Prove that there is a boy such that if he starts, they can complete the round without losing.
Furthermore, prove that there is only one such boy. That is, if any other boy starts, they would lose the game.
Harder version: suppose you now have $m+n$ boys and $n$ girls, with $m$ positive. Prove that there are exactly $m$ boys who could start a non-losing game.
We prove by induction on $n$. The proof is trivial for $n=1$. Now, suppose that there is one and only one boy who could start a non-losing game in the case of $n=k-1$. We consider the case of $n=k$.
Take any boy who sits with a girl to his left, so that the girl's turn is immediately following him.
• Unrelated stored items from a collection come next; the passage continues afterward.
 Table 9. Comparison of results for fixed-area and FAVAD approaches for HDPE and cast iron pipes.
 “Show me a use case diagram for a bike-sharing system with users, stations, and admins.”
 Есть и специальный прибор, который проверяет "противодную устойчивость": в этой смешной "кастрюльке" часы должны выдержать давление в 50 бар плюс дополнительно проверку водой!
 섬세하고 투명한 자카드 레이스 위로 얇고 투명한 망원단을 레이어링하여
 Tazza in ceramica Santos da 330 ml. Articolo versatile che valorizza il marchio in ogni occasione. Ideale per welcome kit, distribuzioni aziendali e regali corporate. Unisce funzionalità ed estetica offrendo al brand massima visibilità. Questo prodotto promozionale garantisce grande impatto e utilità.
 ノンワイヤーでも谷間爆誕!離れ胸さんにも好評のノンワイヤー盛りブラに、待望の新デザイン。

Call the boy Andy and the girl Betty. Remove Andy and Betty from the table. We are now left with $k-1$ girl and $k$ boys, for which we would have exactly one boy who could start a non-losing game.
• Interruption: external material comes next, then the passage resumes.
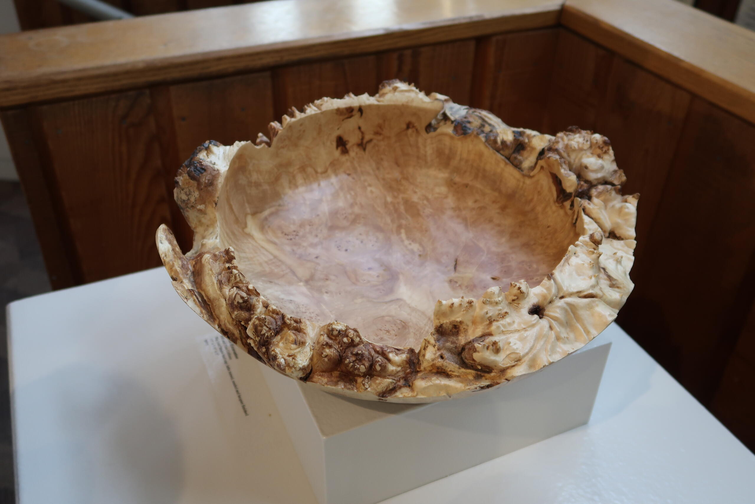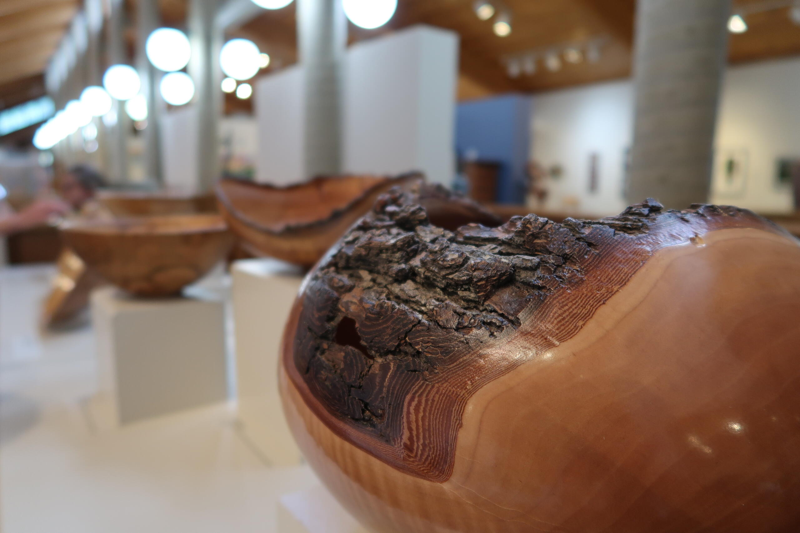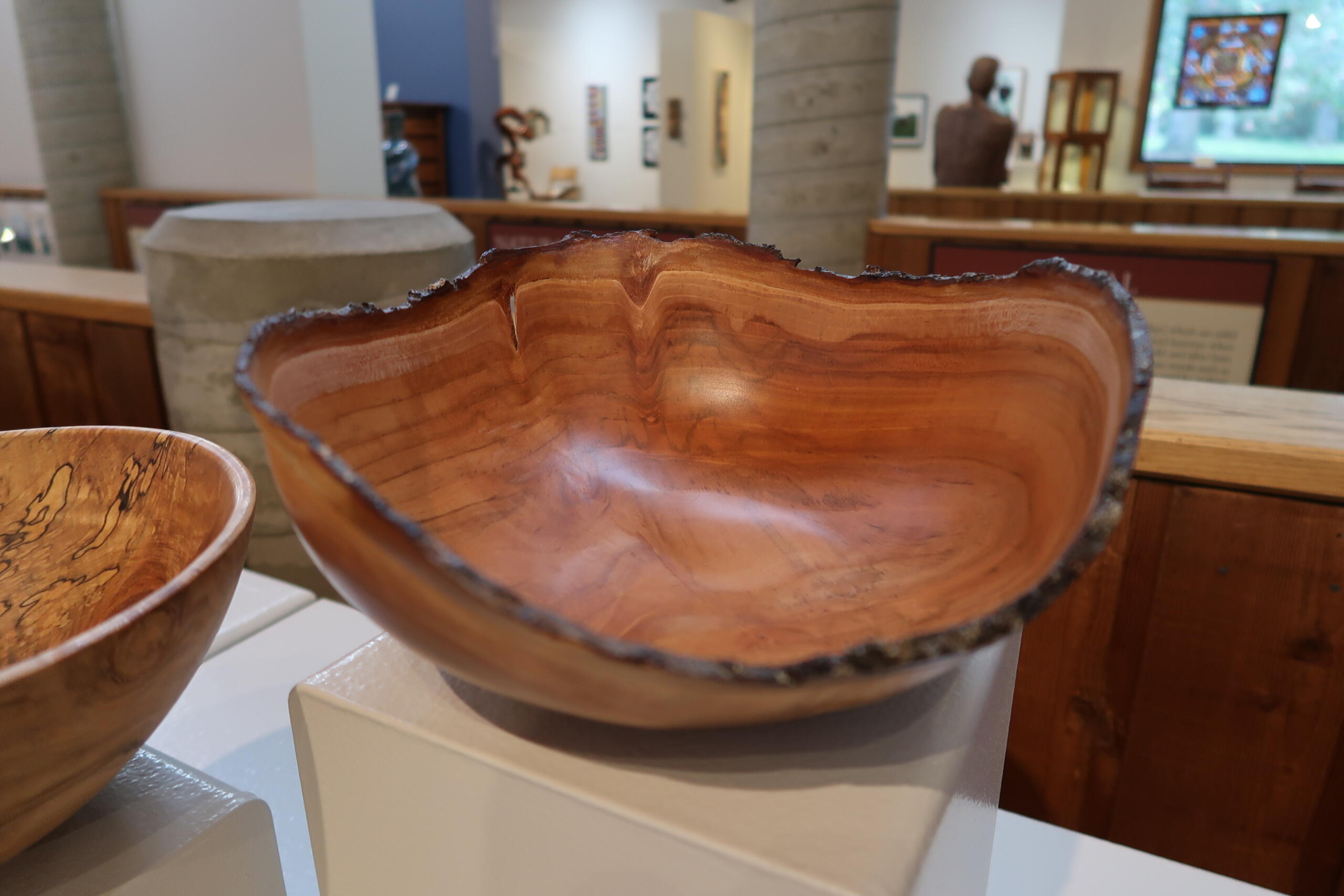 One of those traditions is wood-turning, the process of chipping away at blocks of wood with the use of a lathe. Bowls are an especially common wood-turning subject, with several on display at the Folk Art Center.

Suppose we start with that boy, then when we get to Andy, his stone would immediately be removed by Betty, and then the game proceeds exactly like it would in $n=k-1$ case. So the table would never become empty.
To prove that there is only one boy who could start a non-losing game, we only need to prove that Andy could not start a non-losing game. But it is trivial. If we start with Andy, the table would become empty right after Betty's turn. For any other boy besides Andy, the game proceeds exactly like it would in $n=k-1$ case, so there can only be one starter boy.
Solution for harder version
We fix $m$, and prove by induction on $n$. For $n=1$, it is easy to see that all the $m+1$ boys are sitting together, so the first $m$ boys could start a non-losing game.
The induction step works exactly like the normal version. We take any boy who sits immediately before a girl and remove them from the game.
Any boy who had started a non-losing game would still start a non-losing game after those two are returned to the table. The boy who was temporarily removed couldn't have been a starter boy. So there are exactly $m$ starter boys.